◆ **Records supplied**
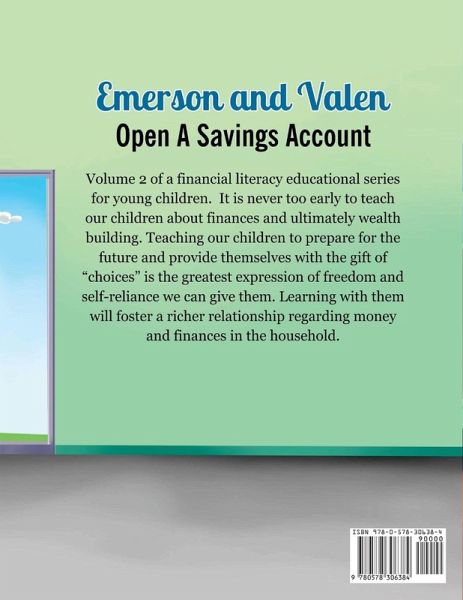 The second book in the Emerson and Valen Financial Literacy Series. In the first book Emerson and Valen learn the value of money, what things cost and doing chores to earn money, In this volume Emerson and Valen learn the value of saving for long term goals. Teaching our children how important it is to manage their money responsibly by saving for the future early is one of the most important things we can do to ensure their futures. Emerson and Valen Open a Savings Account teaches children about saving, compound interest, and patience inn reaching their goals.
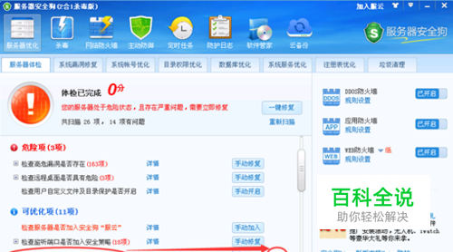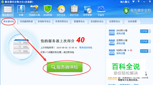打开“服务器安全狗”,点击“服务器体检”,如下图:
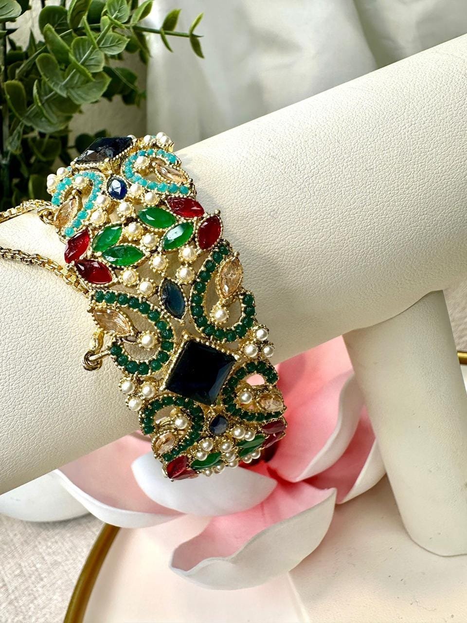 Exquisite Gold-Toned Kundan Cuff Bangle with Multicolor Stones & Pearls – Indian Traditional Jewelry
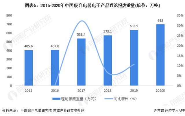 根據中國家用電器研究院數據顯示,2015年以來,我國廢棄電器電子產品理論報廢重量逐年上升,2019年,我國廢棄電器電子產品理論報廢重量達633.9萬噸,2020年約接近700萬噸。
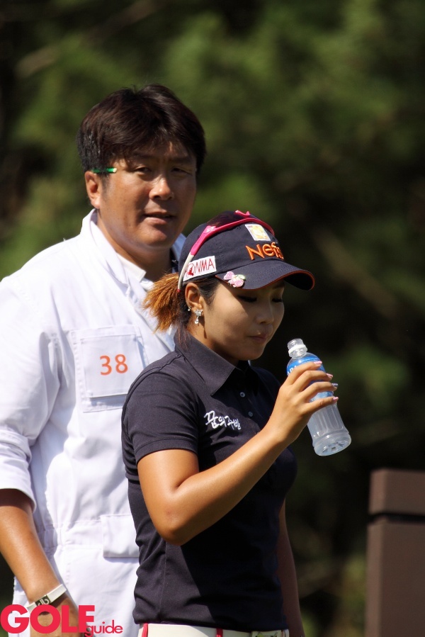 6일, 국내 역대 최고의 상금이 걸린 KLPGA 메이저대회 `2012 한화 금융 클래식(총상금12억, 우승상금 3억)’ 이 충남 태안의 골든베이CC (파72 / 6,564yd)에서 막을 올렸다.대회 1라운드 5번홀에서 양수진이 음료를 마시고 있다.
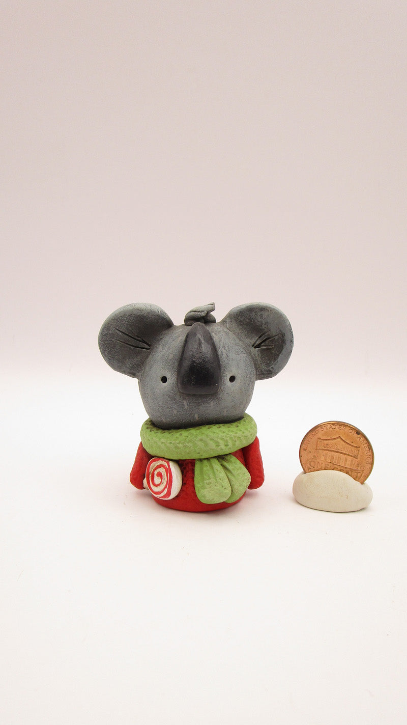 Christmas folk art little koala bear! This piece stands 2 inches tall. He's small but not a mini. In one hand is a Christmas lollipop. The scarf is textured and big black nose is glossed. Love!
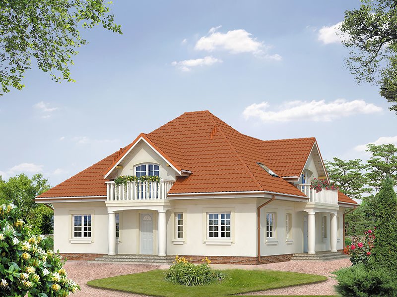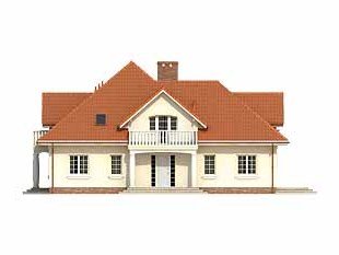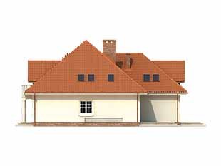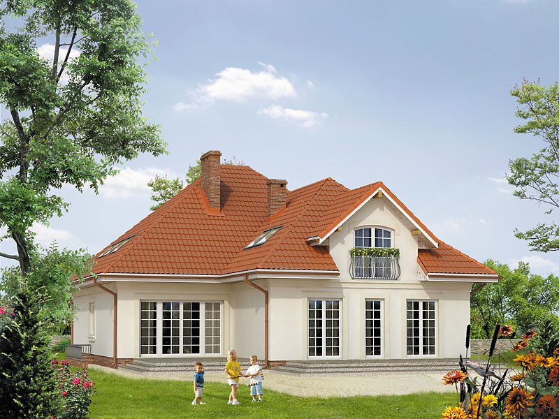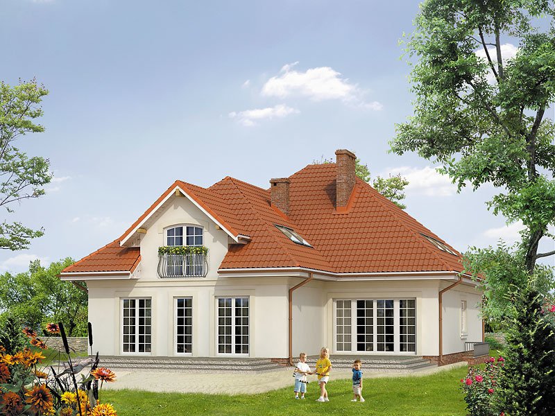 Ściany: 2-warstwowe - pustak ceramiczny + styropian, Stropy: żelbetowe, wylewane, Dach: dachówka ceramiczna, kąt nachylenia 40°
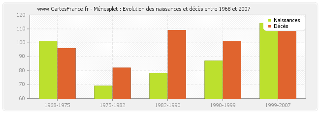 Ménesplet : évolution des naissances et décès de 1968 à 2007
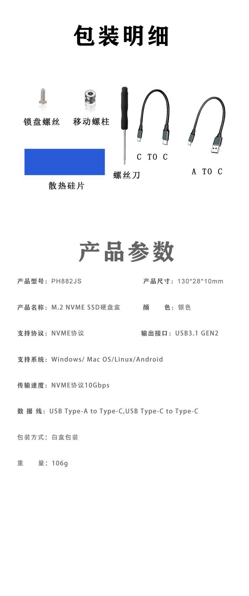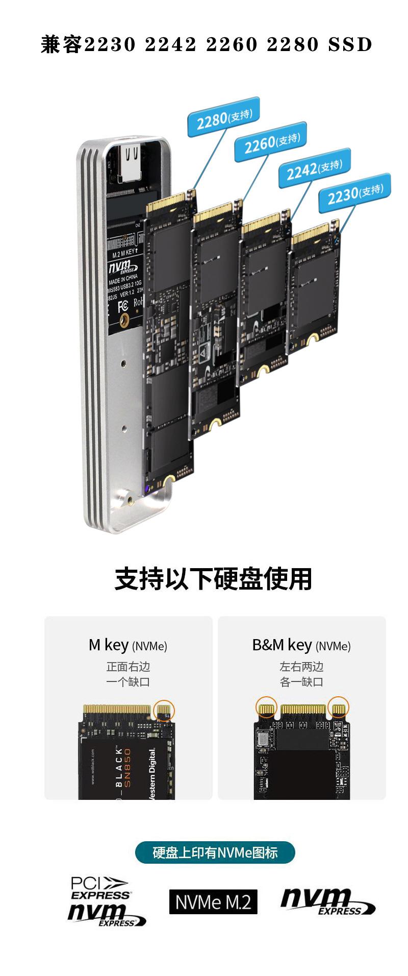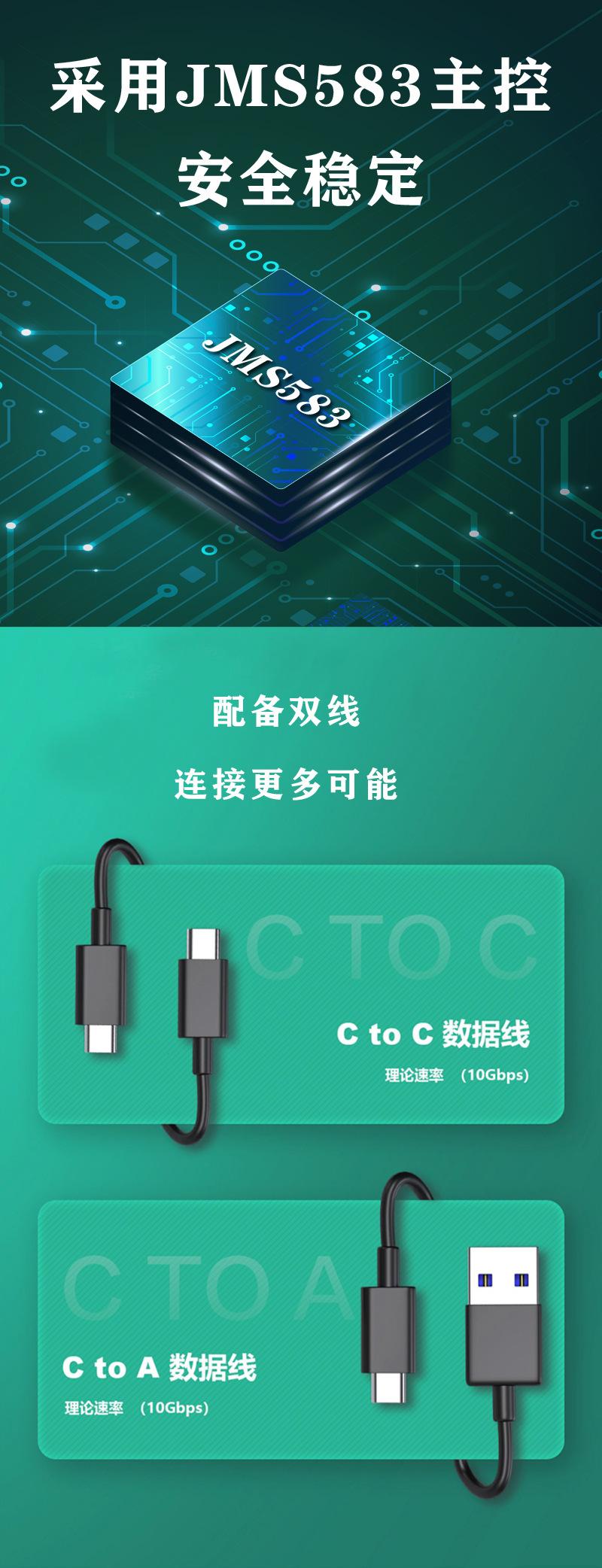 Caja de disco duro móvil de estado sólido M.2 NVMe USB3.2 Gen2 de 10 Gbps de alta velocidad JMS583 master
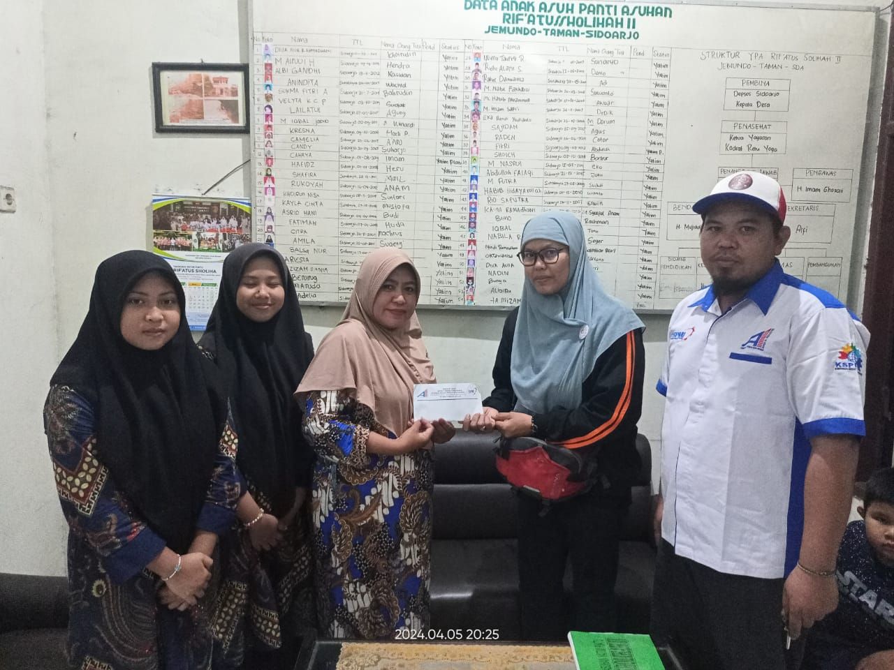” Untuk Santunan Anak Yatim oleh PC SPAI FSPMI Kab Sidoarjo langsung menyerahkannya kepada Yayasan Panti Asuhan Rif’atus Sholihah II Jemundo, Taman – Sidoarjo , dimana penyerahan nya dilakukan oleh Sri Astuti dan Gatot Mistriono “, Ujar Ketua PC SPAI Kab Sidoarjo,Eko Sunarto.

◆ **Goal of the exercise**
Set the pictures aside and reproduce exactly the lines above, from the line holding "Christmas folk art" through the line holding "Ménesplet : évolution", both included, with nothing else.

◆ **Response box**
 Christmas folk art little koala bear! This piece stands 2 inches tall. He's small but not a mini. In one hand is a Christmas lollipop. The scarf is textured and big black nose is glossed. Love!
 Ściany: 2-warstwowe - pustak ceramiczny + styropian, Stropy: żelbetowe, wylewane, Dach: dachówka ceramiczna, kąt nachylenia 40°
 Ménesplet : évolution des naissances et décès de 1968 à 2007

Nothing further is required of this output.